In Butler v. United Healthcare of Tennessee, Inc., — F.3d –, 2014 WL 4116478 (6th Cir. Aug. 22, 2014), the court addressed what appeared to be a relatively straightforward health care benefit question, complicated by what the court described as a severely recalcitrant claim administrator.

The case involved the question whether plaintiff’s wife, Janie, qualified for a residential substance-abuse program under the terms of her husband’s health plan. United denied the claim based on one criterion in the plan; but on administrative appeal, only considered “criteria less relevant to her situation.”

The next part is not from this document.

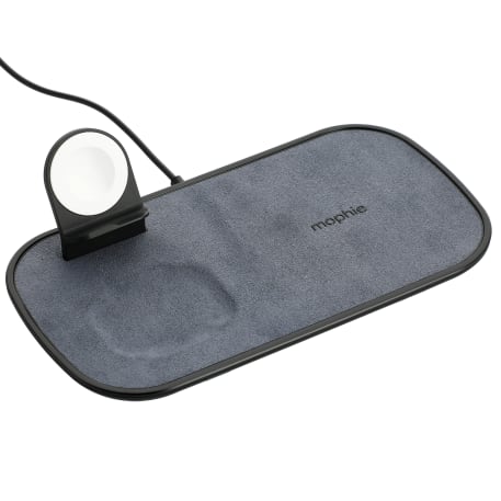 The mophie® 3-in-1 Fabric Wireless Charging Pad is designed with dedicated charging spots for smartphones, Apple Watches and Airpods/Airpod Pros. It delivers up to 7.5W of power to iPhones or other enabled devices. The built-in Apple Watch charger holds the watch magnetically in place while charging. It works with most plastic phone/airpods cases on. A wall adapter and 9-inch charging cable are included. Packaged in a premium gift box. Qi Certified.

Janie’s husband sued, and the district court granted summary judgment and remanded to United to conduct a full and fair review. The Sixth Circuit noted that “United’s ‘full and fair’ review was neither full nor fair.”  After that first remand, the district court “admonished United for attempting to relitigate whether its procedures for review had been defective rather than following the order to conduct a full and fair review afresh.” It remanded again, issuing specific orders regarding what United should do. As the Sixth Circuit observed, “[h]aving failed to take the hint, United now failed to take the directive.” After the second remand, “[t]he district court was not amused. Treating this third try as a third strike,” the district court found that United had not provided a full and fair review, determined that another remand would be futile, and awarded benefits to the plaintiff.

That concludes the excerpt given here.